If they succeed, they'll be boldly going where no political party has gone since 2004, when individual donations were dramatically restricted and corporate contributions banned.
Since those political fundraising reforms were implemented, the Conservative party has been the unrivalled king of the fundraising hill, routinely raking in two to four times more money each year than the Grits.
But the Liberals have been closing the gap since Justin Trudeau took the helm in April.
And, while they'll still fall well short of the Tories' total haul for 2013, they're aiming to at least bring in more donations than the ruling party over the last three months of the year.
An intensive 12-day fundraising campaign, which ended Friday, pulled in just over $1 million — a sum that Liberals calculated was necessary to ensure fourth quarter supremacy.
The campaign included pitches from former prime ministers Jean Chretien and Paul Martin, as well as Garneau, erstwhile astronaut and now a Liberal MP.
"If you give, you will be making history as I did when I thundered upwards into the heavens," Garneau said in an email, appealing to supporters to venture "into the unknown."
However, the Tories aren't about to cede the title of champion fundraisers without a fight.
Last week, they launched a "seize the moment" campaign, aimed at raising $2 million by year end.
"The success of our party over the last 10 years has been a result of our ability to consistently raise more money than our opposition," Conservative party president John Walsh said in an email blast to supporters.
"Justin Trudeau and the Liberals have made fundraising their top priority and they are working hard to close the gap. We cannot let that happen."
Liberal national director Jeremy Broadhurst acknowledged his party can't be absolutely certain that the "million dollars for change" campaign will vault the Liberals ahead of the Tories. The calculation that an additional $1 million would do the trick was based on what the Grits had already raised in October and November and "an educated projection based on past trends" of what the Conservatives were likely to raise over the same period, he said.
That suggests the Liberals are looking at a total of at least $5 million in the fourth quarter — which is what the Tories raised over the last three months of 2012.
"We have set ourselves a goal of trying to surpass the Conservatives in total amount raised in the fourth quarter," Broadhurst said.
"It's an ambitious goal — and something that we have not done in the new fundraising era — that we may not make this time. But it is crucial that we close that fundraising gap in order to level the playing field and this campaign was a key part of this effort."

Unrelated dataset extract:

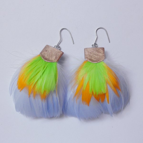 PIÓRKO - stylowy dodatek. Połączenie lekkości piórka i trwałości metalu. Metal niezwykle kontrastuje z naturalnym barwionym puchem. Kolczyki wykonane są z brązu, naturalnie barwione pióra. Bigle otwarte - srebro pr.925,. Długość z biglami - 6,5 cm. Szerokość - 4 cm. Istnieje możliwość wykonania kolczyków w innej kolorystyce.

In a "handwritten" thank you note from Trudeau, emailed to supporters on Sunday, the leader said the party didn't try to figure out if raising $1 million in 12 days was "doable."
"We just flat-out asked you to make something extraordinary happen - and you did."
Still, a fourth quarter fundraising victory won't be enough to vault the Grits ahead of the Conservatives for 2013 as a whole.
Financial reports filed with Elections Canada show that the Conservatives raised $12.8 million from January to the end of September. The Liberals raised $6.9 million and the NDP $4.5 million.
Both the Tories and the NDP were down slightly from the same period last year while the Liberals were up by $1.4 million.
Liberals are particularly pleased that, for the first time, they had more individual contributors than the Conservatives in both the second and third quarters this year — 38,000 and 30,000 respectively, compared to 30,400 and 29,000 for the Tories.
Indeed, the Liberals more than doubled the number of individual contributors in the first nine months of 2013 over the same period last year, while the Conservative and NDP numbers dropped slightly.
"I'm extremely proud of the kind of fundraising we're doing. We're reaching out to small donations," Trudeau said in an interview last week.
Contributors are not just giving money, he added; they're giving their time.
"We have developed a culture of volunteerism ... that we're incredibly proud of. We are drawing in people to make phone calls, to reach out, to go door to door, to organize, to be part of a political process at a time when cynicism has never been higher," Trudeau said.
"For me, money is a piece of it but recruiting volunteers is every bit as important, if not more."